Cuban student backs government, denies arrest
HAVANA (Reuters) - A Cuban student who criticized state restrictions on travel and access to the Internet reappeared on Tuesday in a government video saying foreign media had distorted his words.
Eliecer Avila denied he had been arrested, as claimed by opponents of Fidel Castro's government in Miami. He made the denial in an interview posted on the Web site of the Communist Party newspaper Granma -- www.granma.cubaweb.cu/.
Avila, 21, and other computer science students criticized low wages and lack of government accountability at a town-hall style meeting on January 19 with the speaker of Cuba's National Assembly, Ricardo Alarcon.
Videos of the meeting, in which Avila demanded to know, among other things, why Cubans had to work 2-3 days to buy a toothbrush, circulated like wildfire in Havana.

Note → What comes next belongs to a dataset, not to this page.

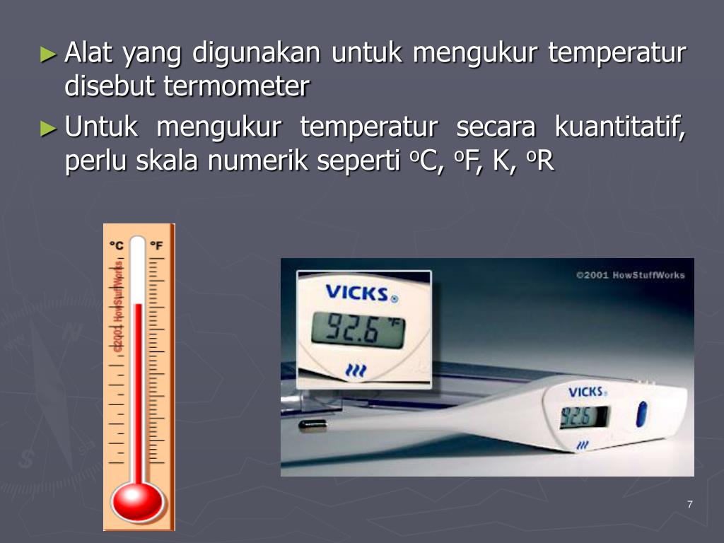 Alat yang digunakan untuk mengukur temperatur disebut termometer • Untuk mengukur temperatur secara kuantitatif, perlu skala numerik seperti oC, oF, K, oR

The student criticism came as more Cubans begin to speak out about the shortcomings of the Caribbean island's socialist system, a debate encouraged by acting President Raul Castro since he took over from his ailing brother Fidel in 2006.

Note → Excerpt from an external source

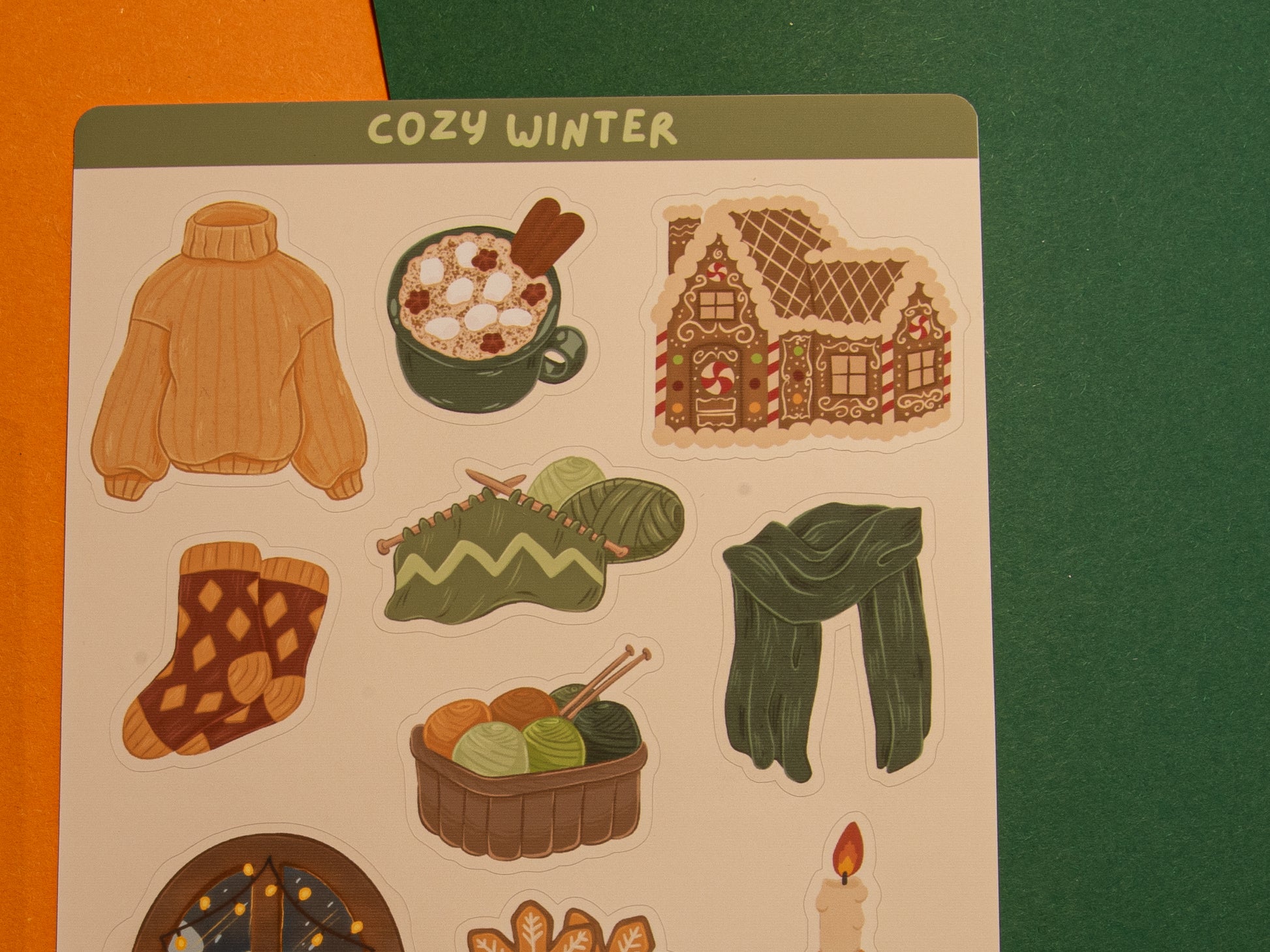This cozy winter themed sticker sheet includes illustrations of yarn and knitwork, books and gifts, a deliciously decorated gingerbread house, a lovely window scene, and more. Cuddle up and grab your crafts or read a nice book after you've decorated your planner, scrapbook or notebook with these beautiful stickers. They will add a whimsical touch to your pages, making you long for those cozy winter nights when you look back!

The comments were covered widely by foreign news media in Havana, including CNN, as a reflection of growing criticism of the government. The headline in Spain's El Pais newspaper was "University students openly challenge Cuban regime."
But in the video on the Granma site, Avila said his criticism was internal to the socialist society born of Castro's 1959 revolution.

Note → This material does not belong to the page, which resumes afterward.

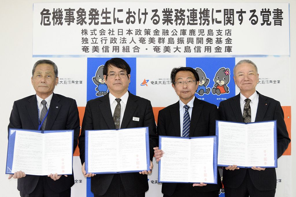 奄美大島信用金庫(伊東寛久理事長)、奄美信用組合(手島博久理事長)、奄美群島振興開発基金(藤井隆理事長)、日本政策金融公庫鹿児島支店(野村直行支店長)の県下4金融機関は11日、「危機事象発生における業務提携に関する覚書」を締結した。自然災害などの大規模災害発生時には、資金繰りや情報提供といった事業者支援で協力し、早期の復旧につなげる。

"If some students dealt with certain controversial matters there ... the intention is to improve socialism, not to destroy it ... so that things that have to be fixed, changed or revised can be done so within the Revolution," Avila said.
TOOTHACHE, NO ARREST
Avila said he had gone home to have two wisdom teeth extracted in Puerto Padre, in the eastern province of Las Tunas, when he was informed about a "media campaign" against Cuba using his criticisms.
He said he was fetched by Cesar Lage, student leader at the University of Computing Science and son of Vice President Carlos Lage, to return to Havana to make a denial.
"It was never an arrest. My family is completely at ease. There is no problem," Avila said in the video interview with four other students, including Cesar Lage.
On Monday, Cuban-American congressman Lincoln Diaz-Balart, a Republican from Florida, condemned Avila's arrest by "Cuban regime thugs" and said the Castro government was trying to perpetuate itself by stopping young Cubans from speaking out.
One anti-Castro group even set up a "Free Eliecer" blog -- here
The meeting with Alarcon was a rare public challenge to the authorities coming from some of the best-informed university students in Cuba.
"Why can't the people of Cuba go to hotels or travel to other parts of the world?" Avila had asked.
He also demanded to know why the government bans the use of Web sites Yahoo! and Google for e-mail and messenger services.
Only foreigners are allowed to stay at hotels at Cuba's beach resorts. To leave the island, Cubans need a permit from the government, which particularly restricts travel by young people.
Internet service is controlled by the government, which blocks access to critical Web sites. Many Cubans with Internet access can use e-mail but not surf the Web, only an intranet of Cuban Web sites.